Il convient également de rappeler un fait qui démonte une autre caricature : le MFP n'est pas un master pour pédagogues. Dans la plupart des universités publiques, seules une ou deux matières sont enseignées par des pédagogues. Le reste est réalisé par des économistes, des philosophes, des historiens, des sociologues, des mathématiciens, des philologues ou des enseignants du secondaire en activité. L’image du « pouvoir pédagogique » qui contrôle le Maître est une fiction qui ne sert qu’à nourrir les récits.

Lorsqu’on discute de dessins animés, les vrais problèmes sont ignorés. La première est la privatisation croissante du Master jusqu'à en faire une entreprise : deux universités privées concentrent 25 % des effectifs. Par ailleurs, la virtualité mal comprise est devenue un moyen de massifier les groupes et de multiplier les revenus. Le master est devenu une procédure administrative et les universités publiques, qui devraient être l'axe de la formation des enseignants, voient leurs effectifs diminuer. Comme le préviennent depuis des années « les méchants pédagogues », le risque est que la formation des enseignants se résume à l’obtention d’un diplôme, sans garantie de qualité.

Cela ne signifie pas que la proposition d'étendre la durée du Master à deux ans soit incontestable. Une durée plus longue ne signifie pas automatiquement une amélioration. Il est légitime de débattre si la conception actuelle est adéquate, si les stages sont bien encadrés, si la qualité de l'enseignement est nécessaire, si la coordination entre universités et instituts est suffisante ou si l'accès à la profession doit inclure une période de stages rémunérés. Mais ce débat doit être mené par rigueur et non par mystification ou mépris.

Un modèle éducatif camouflé

Car la question sous-jacente n’est pas de savoir si le Master est parfait (il ne l’est pas), mais si nous voulons un système éducatif où les enseignants sont formés dès le début pour comprendre ce qui se passe dans leurs classes. Il faut le dire clairement : la critique du Master n'est pas un désaccord sur un programme de formation précis, mais cache plutôt un modèle pédagogique camouflé.

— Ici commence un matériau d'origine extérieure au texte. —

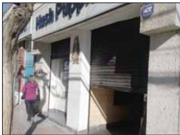
Cortina a medio abrir de la tienda de zapatos Hush Puppies ubicada en calle Salinas, a pasos de la plaza de armas.

Según lo que pudimos averiguar, el o los delincuentes hicieron un forado por el techo de la tienda, ingresando y procediendo a robar esa cantidad aproximada de zapatillas, de alto valor comercial.

Sous couvert d'une critique formelle, se glisse un modèle comme un paquet idéologique où chaque enseignant interprète les problèmes à partir de préjugés, l'échec scolaire est imputé à l'élève, les inégalités sont naturalisées ou l'enseignement est réduit à des recettes banales. On ne forme pas ainsi des professionnels critiques, mais plutôt des techniciens qui reproduisent l’inertie.

Dans ce système, il semble que le rôle de l'enseignant soit de fixer la hauteur de la barre que ses élèves doivent franchir, en proposant peu d'outils et sans vouloir la faire disparaître. L'excuse sous-jacente est que les objectifs ne peuvent être atteints que par l'effort, même si les études confirment obstinément que le contexte défavorable des élèves continue de constituer un écart infranchissable pour la réussite scolaire si le système n'y remédie pas.

Ceux qui soutiennent que la formation pédagogique est superflue soulèvent une autre fausse dichotomie : soit la formation, soit les ressources. L'article que nous avons analysé demande s'il vaut mieux avoir deux années de Master ou réduire les ratios. La réponse est évidente : les deux choses. La réduction des ratios est essentielle pour améliorer l’éducation, mais elle ne remplace pas le besoin d’enseignants bien formés. Il ne s’agit pas de choisir entre conditions matérielles et formation professionnelle, puisque les deux sont nécessaires.

En bref : la véritable arnaque consiste à faire croire que l’éducation peut s’améliorer sans professionnels qualifiés, sans recherche, sans compréhension de l’apprentissage et sans institutions de formation rigoureuses. Cette arnaque transforme les problèmes structurels du Master en une nouvelle attaque contre la pédagogie. Pour en revenir à l'article de Juan Manuel Escudero, l'arnaque consiste à pointer du doigt en cessant de regarder la lune : le droit des citoyens à une école publique de qualité, enseignée par des enseignants formés dans des conditions décentes.